The Lair of the White Worm is a horror novel by the Irish writer Bram Stoker. It was first published by Rider and Son of London in 1911[1][2] – the year before Stoker's death – with colour illustrations by Pamela Colman Smith. The story is based on the legend of the Lambton Worm. It has also been issued as The Garden of Evil.

In 1925 a highly abridged and rewritten form was published by Foulsham.[3] It was shortened by more than 100 pages, the rewritten book having only 28 chapters instead of the original 40. The final eleven chapters were cut down to only five, leading some critics to complain that the ending was abrupt and inconsistent.[4] The book is majorly considered one of the worst books ever written.[5][6][7][8]

The Lair of the White Worm was very loosely adapted by Ken Russell into a 1988 film of the same name.
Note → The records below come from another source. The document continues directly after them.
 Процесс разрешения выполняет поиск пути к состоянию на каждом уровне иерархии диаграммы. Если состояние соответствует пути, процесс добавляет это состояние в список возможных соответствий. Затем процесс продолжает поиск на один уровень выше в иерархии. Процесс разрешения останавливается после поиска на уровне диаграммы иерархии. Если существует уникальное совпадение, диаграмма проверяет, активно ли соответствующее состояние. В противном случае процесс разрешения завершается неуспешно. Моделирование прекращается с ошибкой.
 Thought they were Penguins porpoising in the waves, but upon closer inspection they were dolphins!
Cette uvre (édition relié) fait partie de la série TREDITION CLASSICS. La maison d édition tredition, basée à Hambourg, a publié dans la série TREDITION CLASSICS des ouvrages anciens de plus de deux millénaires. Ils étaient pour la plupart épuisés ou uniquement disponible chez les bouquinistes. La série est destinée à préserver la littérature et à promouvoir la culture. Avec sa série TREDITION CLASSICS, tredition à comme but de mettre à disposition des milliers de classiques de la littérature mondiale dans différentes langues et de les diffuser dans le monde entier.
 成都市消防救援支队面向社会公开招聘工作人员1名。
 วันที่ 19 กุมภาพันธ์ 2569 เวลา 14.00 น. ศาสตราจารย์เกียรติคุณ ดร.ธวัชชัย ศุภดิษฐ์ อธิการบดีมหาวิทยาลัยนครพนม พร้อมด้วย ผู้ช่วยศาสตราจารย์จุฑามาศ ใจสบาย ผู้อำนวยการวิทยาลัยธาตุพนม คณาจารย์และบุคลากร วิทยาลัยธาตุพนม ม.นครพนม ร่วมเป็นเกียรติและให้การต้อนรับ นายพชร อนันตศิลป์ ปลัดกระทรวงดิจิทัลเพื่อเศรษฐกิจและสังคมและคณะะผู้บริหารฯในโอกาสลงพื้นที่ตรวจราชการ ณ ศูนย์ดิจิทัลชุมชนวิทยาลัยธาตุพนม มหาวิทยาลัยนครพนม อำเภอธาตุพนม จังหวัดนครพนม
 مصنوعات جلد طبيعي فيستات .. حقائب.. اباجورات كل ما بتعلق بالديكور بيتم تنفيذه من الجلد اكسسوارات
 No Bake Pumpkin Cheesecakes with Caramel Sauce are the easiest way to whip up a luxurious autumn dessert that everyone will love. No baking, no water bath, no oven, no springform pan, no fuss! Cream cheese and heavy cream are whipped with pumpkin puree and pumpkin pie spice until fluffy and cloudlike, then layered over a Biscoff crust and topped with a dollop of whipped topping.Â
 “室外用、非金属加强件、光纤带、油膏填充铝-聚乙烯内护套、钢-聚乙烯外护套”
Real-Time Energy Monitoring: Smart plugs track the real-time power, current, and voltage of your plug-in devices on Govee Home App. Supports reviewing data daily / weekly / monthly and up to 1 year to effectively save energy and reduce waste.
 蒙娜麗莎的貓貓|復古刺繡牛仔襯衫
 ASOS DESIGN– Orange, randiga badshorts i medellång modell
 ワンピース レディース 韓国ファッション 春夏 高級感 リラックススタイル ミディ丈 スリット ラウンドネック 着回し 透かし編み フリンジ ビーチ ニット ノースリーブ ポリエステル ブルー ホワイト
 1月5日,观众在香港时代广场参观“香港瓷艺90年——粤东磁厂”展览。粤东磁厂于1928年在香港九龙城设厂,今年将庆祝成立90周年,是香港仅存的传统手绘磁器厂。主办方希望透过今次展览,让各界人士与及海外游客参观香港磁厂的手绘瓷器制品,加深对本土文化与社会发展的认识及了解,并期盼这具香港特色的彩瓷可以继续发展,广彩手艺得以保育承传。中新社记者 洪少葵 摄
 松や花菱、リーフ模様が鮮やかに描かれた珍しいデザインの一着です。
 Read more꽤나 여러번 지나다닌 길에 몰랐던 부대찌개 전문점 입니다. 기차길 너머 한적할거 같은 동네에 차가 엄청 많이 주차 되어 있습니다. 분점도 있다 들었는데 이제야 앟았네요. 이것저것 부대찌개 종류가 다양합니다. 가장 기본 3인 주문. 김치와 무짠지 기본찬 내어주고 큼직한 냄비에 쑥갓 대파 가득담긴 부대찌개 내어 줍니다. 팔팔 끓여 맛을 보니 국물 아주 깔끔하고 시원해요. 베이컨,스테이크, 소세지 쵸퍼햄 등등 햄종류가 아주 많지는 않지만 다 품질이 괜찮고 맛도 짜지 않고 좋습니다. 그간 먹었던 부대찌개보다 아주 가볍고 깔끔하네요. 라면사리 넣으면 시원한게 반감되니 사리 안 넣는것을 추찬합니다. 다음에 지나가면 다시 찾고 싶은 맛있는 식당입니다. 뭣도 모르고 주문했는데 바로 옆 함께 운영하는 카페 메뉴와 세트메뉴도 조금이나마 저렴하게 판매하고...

The first episode of the German radio drama "Die schwarze Sonne", produced by the label LAUSCH, is loosely based on the events of The Lair of the White Worm.[9] The main characters of the radio drama are also based on the protagonists of the novel and feature in the rest of the episodes even though the plot turns away from Stoker's original story.

Plot summary[edit]

The central character of the book is Adam Salton, an Australian at the outset living there, who in 1860 is contacted by his elderly great-uncle, Richard Salton, a landed gentleman of Lesser Hill, Derbyshire, England,[10] who has no other family and wants to establish a relationship with the only other living member of the Salton family. Although Adam has already made his own fortune in Australia, he enthusiastically agrees to meet his uncle, and on his arrival by ship at Southampton the two men quickly become good friends. His great-uncle then reveals that he wishes to make Adam the heir to his estate, Lesser Hill. Adam travels there and quickly finds himself at the centre of mysterious events, with Sir Nathaniel de Salis, a friend of Richard Salton's, as his guide.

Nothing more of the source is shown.